Леля испарилась куда-то с мужем, он все ездил по партийным делам, этот Николай. Могла ли Елена знать, что теряет старшую сестру навсегда, прощается? Они увиделись еще только один раз. Это было в двадцать четвертом, запомнилось, потому что тогда умер Ленин. Вот той же зимой Николай с Лелей появились в Москве. Елена Михайловна помнила длинный коридор, двери комнат, какие-то люди с вещами и чайниками, узлы на самом ходу. В одной из комнат сидела Леля с младенцем на руках, он все время плакал, она совала ему грудь с раздражением. Еще один маленький ползал вокруг по полу. Мальчик, девочка? Сестра – страшная, расплывшаяся, с отекшими ногами, с папиросой во рту, в какой-то рубахе. А лица опять нет, стерлось, уплыло, кануло…
Больше не встретились. Где она жила потом, Леля? Как умерла, когда? Где ее дети, живы ли внуки? И Елена Михайловна твердо отвечала Левушке: «В революцию я потеряла мать и сестру. И потом отца». В семнадцатом году ей было десять лет.

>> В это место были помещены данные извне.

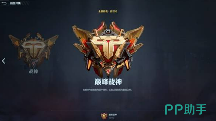 段位体系共设八大层级:青铜、白银、黄金、铂金、钻石、大师、战神、巅峰战神。其中,青铜至大师六个段位各自细分为五个小阶,以罗马数字V(最低)、IV、III、II、I(最高)标识。例如,初始段位为青铜V,晋级后依次为青铜IV、青铜III……直至青铜I;完成该段位全部五阶后,方可晋升至白银V。每达成一个小阶晋升,系统自动发放专属身份铭牌,可在个人资料页或组队界面中展示。当玩家达到战神段位,并在全服排位分排行榜中位列前200名时,即可解锁“巅峰战神”称号——此为当前赛季最高荣誉标识。

А в двадцать седьмом ей было двадцать. Миля вышла замуж, Митя женился. Лида ходила беременная, у нее было малокровие, и все торчали в Кондратьевском, потому что Александра чем-то ухитрялась всех кормить. Доставала дрова, старые больничные простыни на пеленки. Всех утешала как могла и прятала от папеньки водку. А он превратился в совершенно гоголевский персонаж, в какого-то Акакия Акакиевича. Забросил чтение, плохо брился, пугался в госпитале любого нововведения, партийных «товарищей», особенно Лелиного давно исчезнувшего мужа. Ходил все время с большим носовым платком, поминутно сморкаясь, вытирая рот, нос и красноватые испуганные глаза. Он больше времени стал проводить на кухне, где Александра отгородила себе портьерой уголок. Сидел там без дела на лавке, прихлебывая кипяток и наблюдая ее хозяйственную суету. Иногда помогал рубить капусту или чистить картошку. Папенька ли? Митя с ним почти не разговаривал. Последние годы жизни старый Корсаков жил совсем один, то есть только с Александрой. У Мити появилась наконец-то своя приличная комната довольно далеко от Кондратьевского, Елена Михайловна уже уехала с мужем. Заходил изредка Павел Карлович поговорить да сыграть в шахматы, но у папеньки игра все чаще не клеилась, он быстро уставал, его мучили головные боли. Обрывали партию, не закончив. Он и письма так все обрывал на полуслове. Писем доктора Корсакова Надя в архиве Елены Михайловны не нашла. Их не было, может быть, канули где-то при переездах. А жаль.